Though born in Philadelphia (on May 6, 1946), Nancy Kilpatrick is considered a Canadian author. She has written short stories, novels, and non-fiction. Among her books are tie-ins to the Friday the 13th movie series. She also writes under the name Amarantha Knight. She lives in Canada and teaches short story writing at the George Brown College of Applied Arts and Technology in Toronto. Her story "Mozaika" takes up six and a half pages in the Cosmic Horror Issue of Weird Tales. There is also a full-page main title page with an illustration, one that is used again to fill the last half page of the story.
There isn't any product placement in "Mozaika." That's a relief. The story is set in the present or near future. It's about a woman named Myrna and her attempts to assemble a mosaic as the larger world falls apart outside of her tiny house on its remote half-acre lot. Myrna lives alone, in the boondocks, mostly cut off from the world. That's how she wants it to be. In her isolation, she is like the main characters in "A Ghost Story for Christmas" and "Night Fishing." Unlike those two men, though, she stays in. They go out. Her tiny house is her safe place until it isn't anymore.
Myrna is an artist. Her work on her mosaic is a creative act, an attempt to bring order into the universe and to counteract decline and decay. There is imagery in this story of the forces that oppose her. In a "contusious" sky she sees countless lights. What are they? What do they represent? (If this story were happening now we could say they are drones.) Her grout is "necrotic black." She wipes her tiles with a chamois "like a caring parent tending a child's wound." The only other living characters in her story are her overbearing mother and her sister. As living characters, they only talk on the phone from three hours away. "Mozaika" is almost completely about Myrna and her very detailed work on her mosaic.

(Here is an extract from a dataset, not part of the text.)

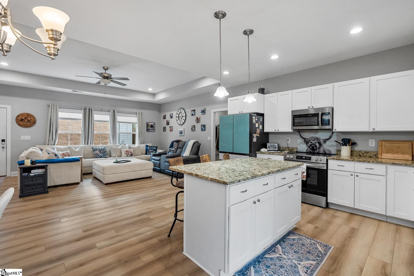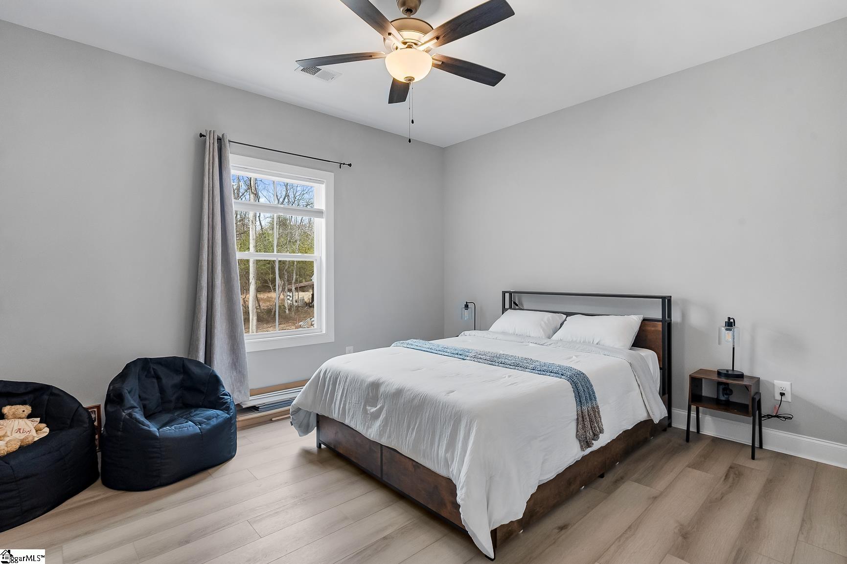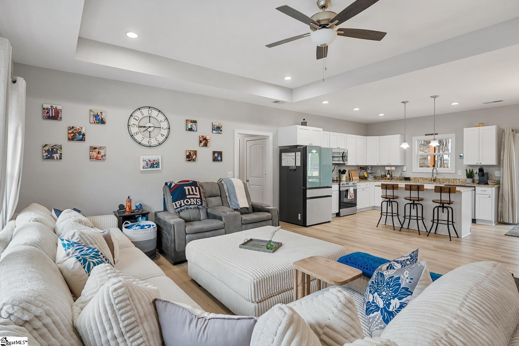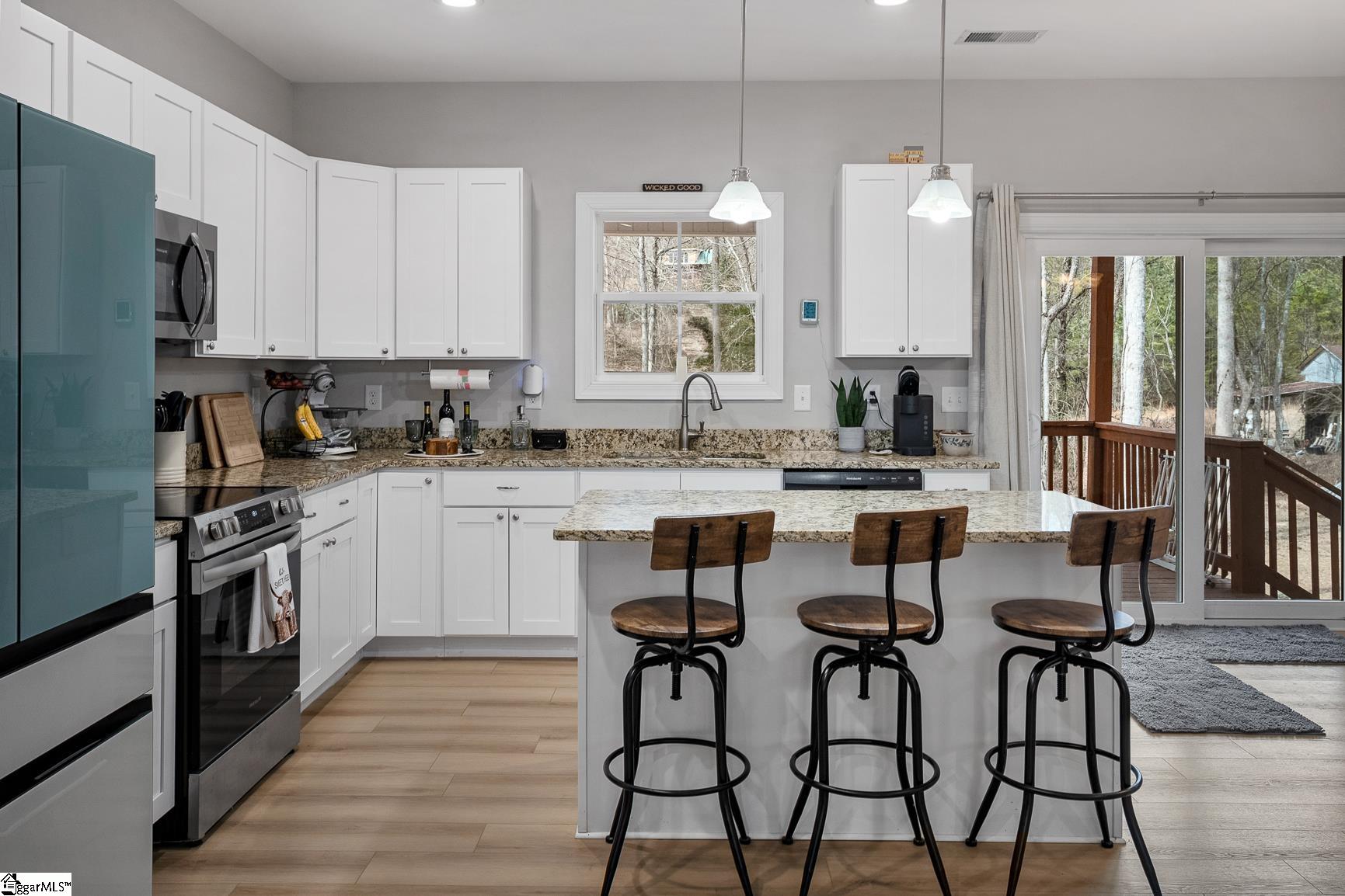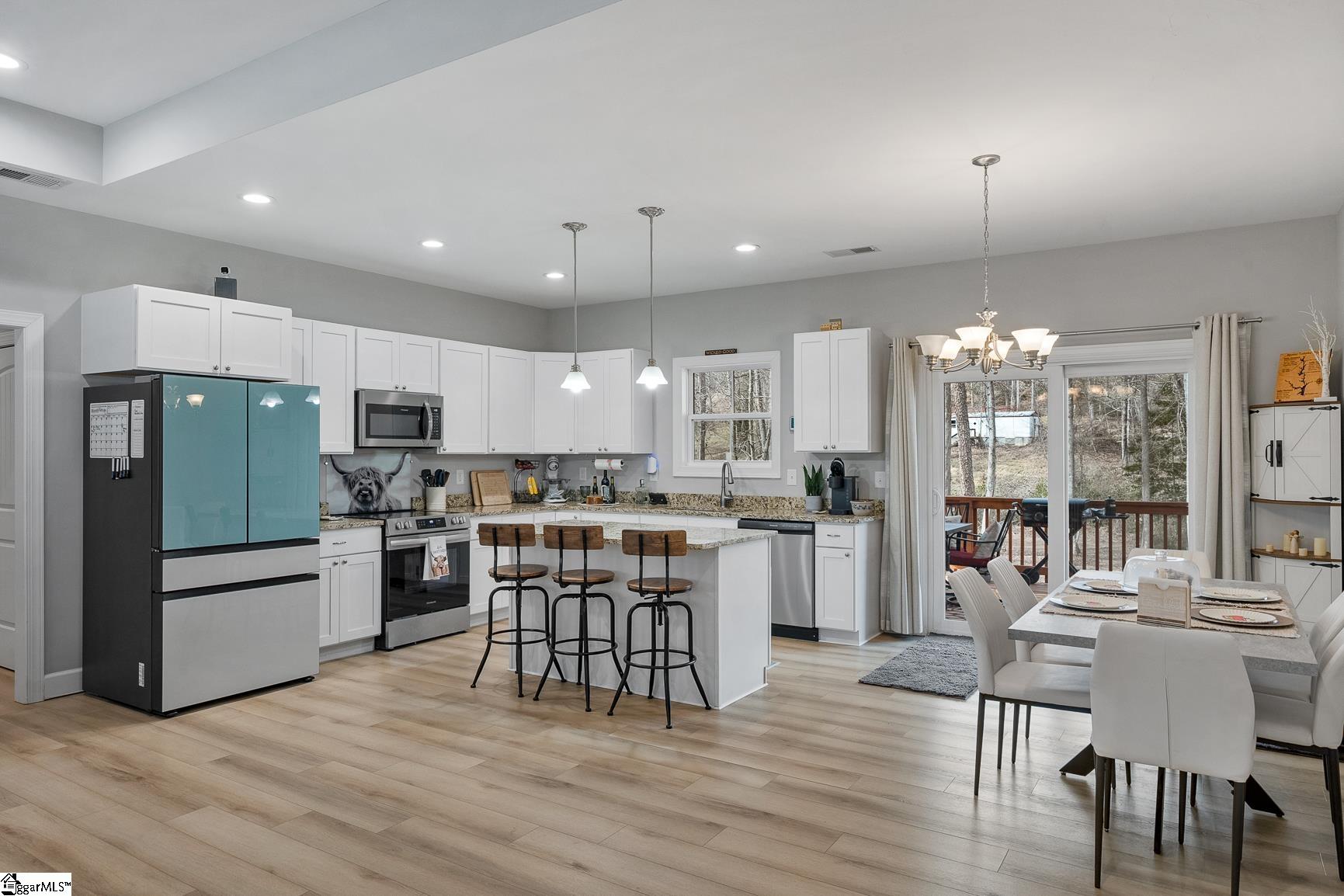 Built in 2024, this beautifully crafted one-level ranch offers approximately 1, 700 square feet of modern living on nearly 2 private acres along the scenic Cherokee Foothills corridor — with no HOA and short-term rentals allowed. Inside, a bright, open-concept layout features tray ceilings and recessed lighting that create an airy, expansive feel. Durable luxury vinyl plank flooring runs throughout the main living areas. The kitchen displays granite countertops, white cabinetry, stainless steel appliances, a large island with bar seating, and a window over the sink overlooking the backyard. The spacious living room offers generous natural light and a tray ceiling, creating a warm and inviting gathering space. This home features a split-bedroom floor plan with the primary suite including a double vanity in the en-suite bath, while two additional bedrooms are ideal for guests, a home office, or hobbies. Outdoor living is equally impressive. Enjoy morning coffee on the covered deck surrounded by mature trees, relax in the hot tub on the lower patio, and explore the expansive yard bordered by wooded privacy. A gentle creek winds along the back of the property, adding to the natural beauty and offering a tranquil backdrop with the soothing sound of flowing water. In addition to the attached two car garage, the property also features additional concrete for parking, a detached two-car carport with a metal roof, and a dedicated workshop with electricity — perfect for storage, projects, or outdoor equipment. Located in the Walhalla School District, the home offers close proximity to the natural beauty of Lake Jocassee at Devils Fork State Park and the hiking and recreation at Table Rock State Park. Come see this beautiful home today.

Something is going on in the outer world. Living in isolation and working on her art, Myrna is unaware. But her mother tells her that people are dying all over . . . and that they're coming back. Neighbors die. Her sister's baby and husband die, then the sister herself and the mother, too. All of them show up at her door, and they want in. They are like zombies. Like the wider world and humanity in the grip of history, they are in a state of decay, or "decline and fall," as she remembers a departed friend saying. Her work has been to counteract all of that. In that she fails. The creative act, an attempt to emulate God and to impose order against chaos, fails. And what is the horror, the cosmic horror? Entropy, which is horrifying enough in all of its implications.